Dataset section:

+ + + + + + +

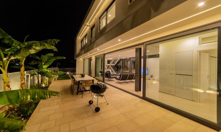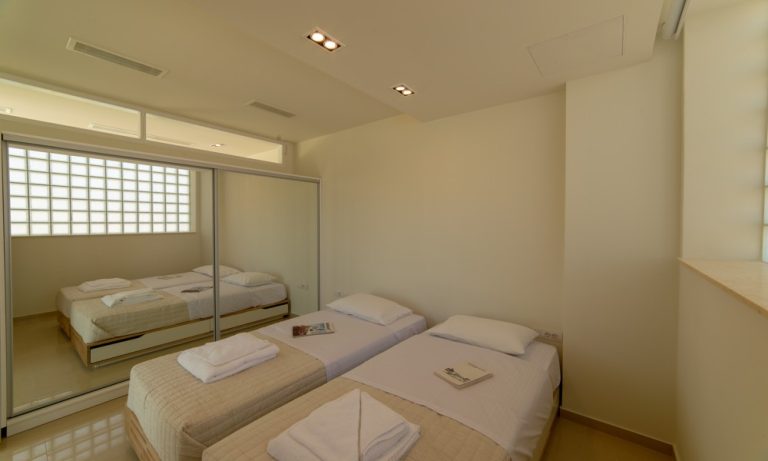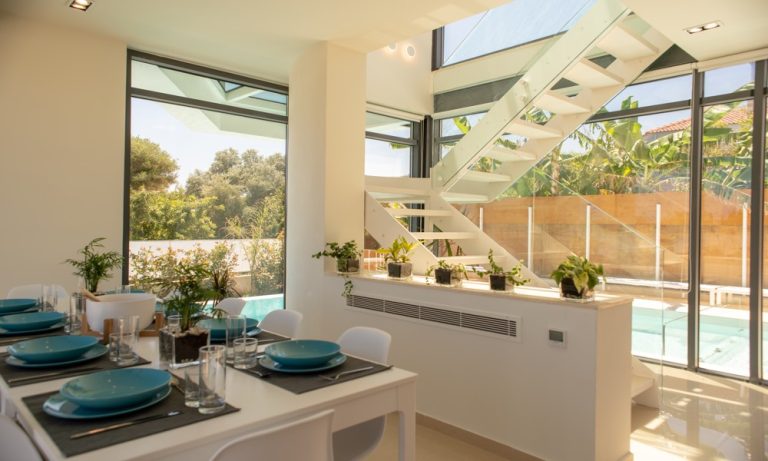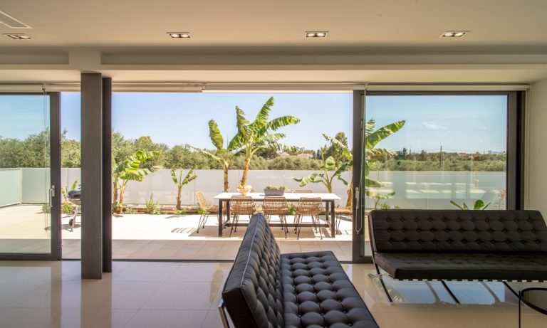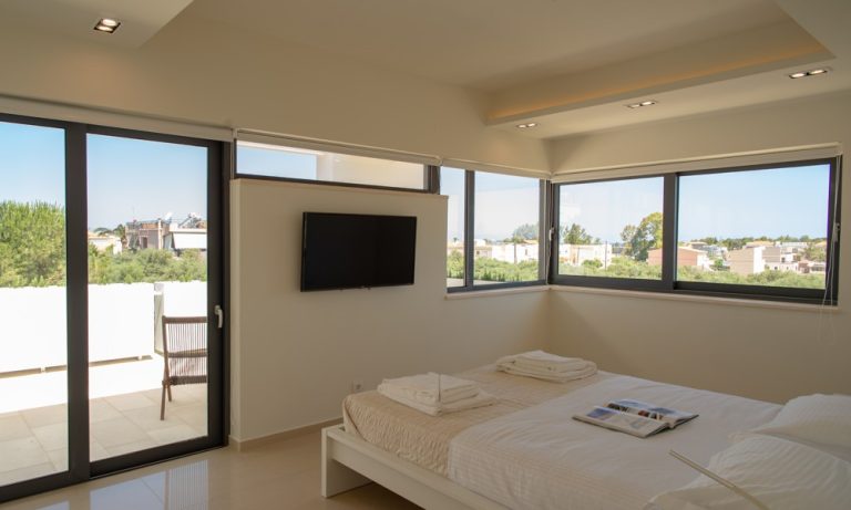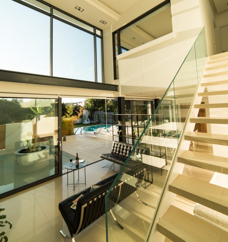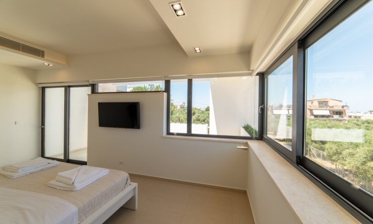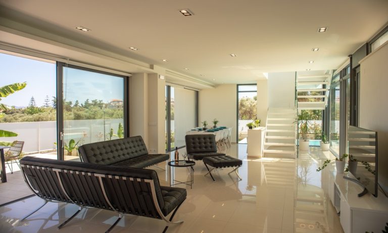 These are two spectacular villas for sale in Nea Kydonia, Chania, Crete, located in Daratsos village offerring beautiful mountain views. They are semi detached and the total size of them is 291 m², situated on a 585 m² private plot and feature 7 bedrooms and 6 bathrooms. The first villa features a spacious and bright living room, a kitchen and dining area, four double bedrooms, and three bathrooms. The second villa offers similar spaces but with one fewer bedroom. Both villas boast a private entrance, stunning garden areas, infinity swimming pools, and sunbathing zones. Designed with contemporary architecture and sustainability in mind, these homes are built with a mix of glass, steel, and concrete, creating bright, open spaces that highlight modern living. Conveniently located just 3 minutes from the beach and 10 minutes from Chania city center, these properties are perfect for year-round living and are suitable for a great investment opportunity.
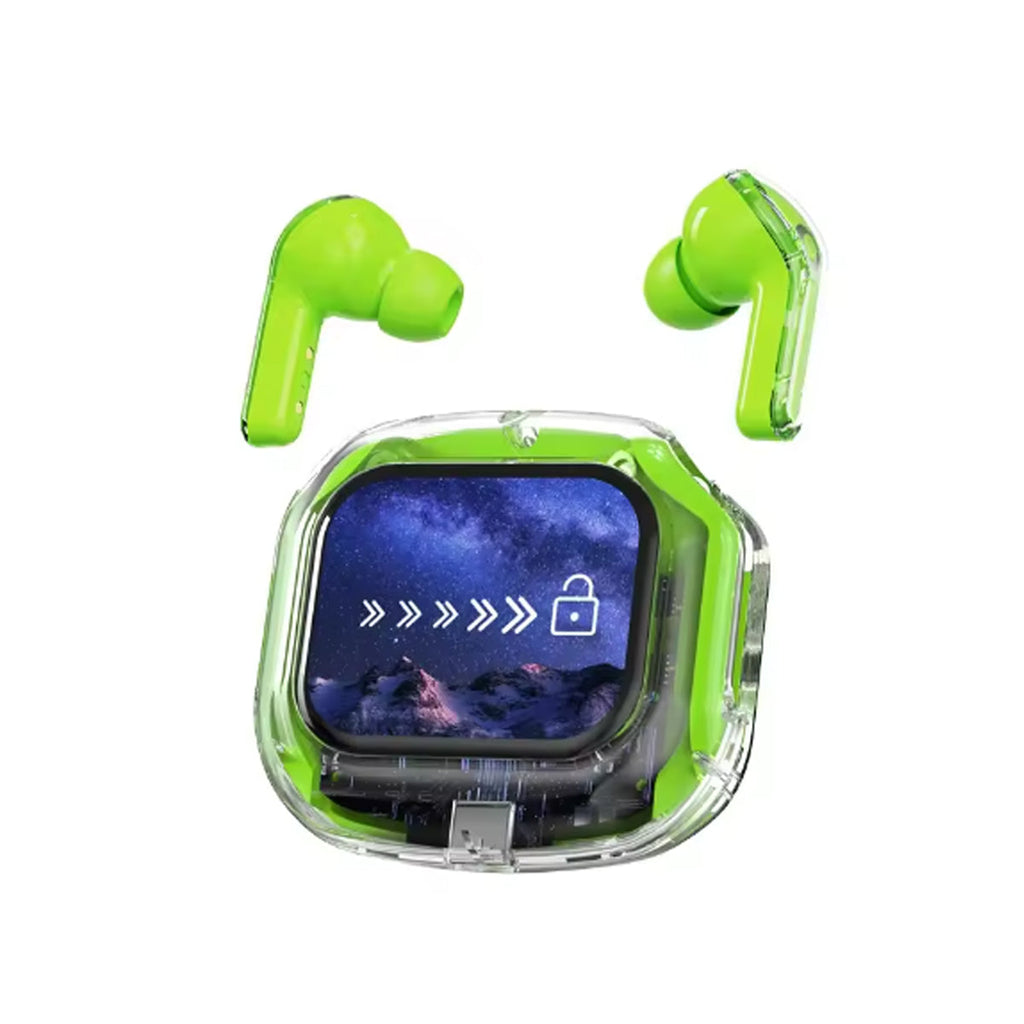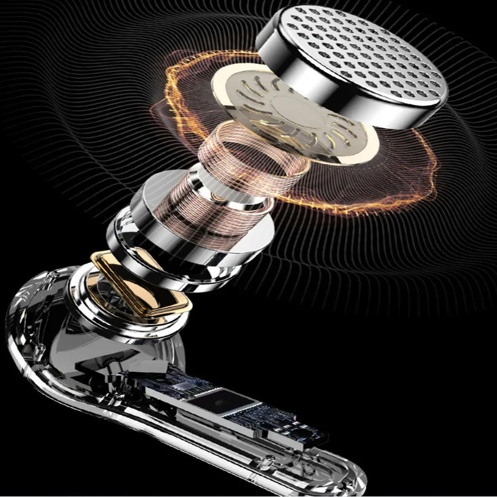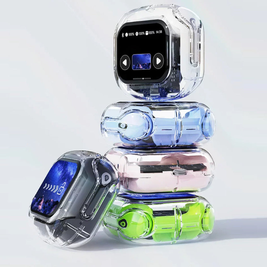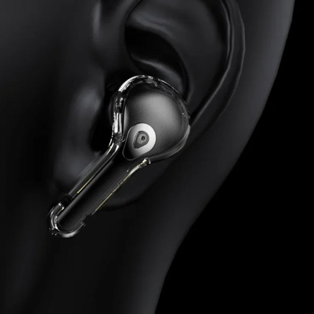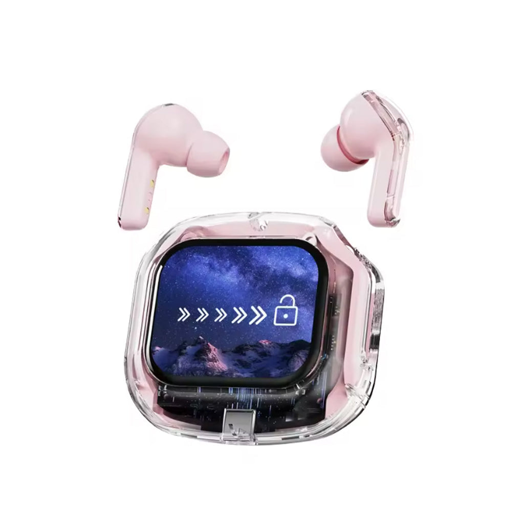 Experience next-gen audio with these futuristic, transparent wireless Bluetooth headphones, featuring a sleek touch screen and digital display. With many benefits and stylish appeal, its elegant, futuristic interface lets you control volume, playback, and modes with just a tap. No buttons, no hassle — just smooth touch navigation. Open the case, and you’re instantly connected, enabling seamless syncing with Android & Apple devices. You can enjoy deep bass, crisp highs, and an immersive stereo sound experience. Engineered for both music lovers and audiophiles. The real-time power level is displayed on the digital screen, so there's no more guessing how much juice is left. It is also designed with a faster, stronger, and more stable connection, featuring ultra-low latency, which is ideal for music, gaming, and video. It's built-in mic with noise-reduction feature keeps your voice sharp and clear during calls or voice commands. Ergonomic and secure for active use as well, whether you’re at the gym, running, or on the move.
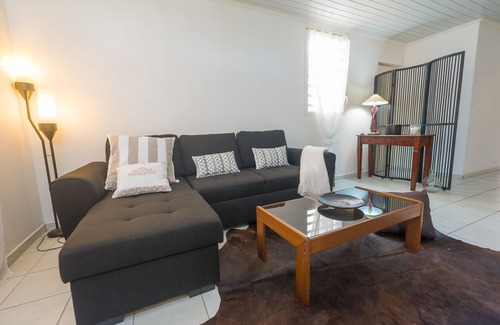 Es un hogar perfecto para familias y grupos. Una vista panorámica del mar desde la terraza que le ofrece un espacio adicional para disfrutar de la dulzura de la noche tropical o tomar el sol a la discreción de las diversas barbacoas y otros platos que animarán estos momentos. El punto ogro es el exuberante jardín y Jaccuzi 6 lugares. Todo ha sido pensado para hacer que su estancia sea agradable y sublime.

+ + + + + + +

Work instruction: Reproduce the data above in full, exactly as it is, with the pictures left out.

Task output:
 These are two spectacular villas for sale in Nea Kydonia, Chania, Crete, located in Daratsos village offerring beautiful mountain views. They are semi detached and the total size of them is 291 m², situated on a 585 m² private plot and feature 7 bedrooms and 6 bathrooms. The first villa features a spacious and bright living room, a kitchen and dining area, four double bedrooms, and three bathrooms. The second villa offers similar spaces but with one fewer bedroom. Both villas boast a private entrance, stunning garden areas, infinity swimming pools, and sunbathing zones. Designed with contemporary architecture and sustainability in mind, these homes are built with a mix of glass, steel, and concrete, creating bright, open spaces that highlight modern living. Conveniently located just 3 minutes from the beach and 10 minutes from Chania city center, these properties are perfect for year-round living and are suitable for a great investment opportunity.
 Experience next-gen audio with these futuristic, transparent wireless Bluetooth headphones, featuring a sleek touch screen and digital display. With many benefits and stylish appeal, its elegant, futuristic interface lets you control volume, playback, and modes with just a tap. No buttons, no hassle — just smooth touch navigation. Open the case, and you’re instantly connected, enabling seamless syncing with Android & Apple devices. You can enjoy deep bass, crisp highs, and an immersive stereo sound experience. Engineered for both music lovers and audiophiles. The real-time power level is displayed on the digital screen, so there's no more guessing how much juice is left. It is also designed with a faster, stronger, and more stable connection, featuring ultra-low latency, which is ideal for music, gaming, and video. It's built-in mic with noise-reduction feature keeps your voice sharp and clear during calls or voice commands. Ergonomic and secure for active use as well, whether you’re at the gym, running, or on the move.
 Es un hogar perfecto para familias y grupos. Una vista panorámica del mar desde la terraza que le ofrece un espacio adicional para disfrutar de la dulzura de la noche tropical o tomar el sol a la discreción de las diversas barbacoas y otros platos que animarán estos momentos. El punto ogro es el exuberante jardín y Jaccuzi 6 lugares. Todo ha sido pensado para hacer que su estancia sea agradable y sublime.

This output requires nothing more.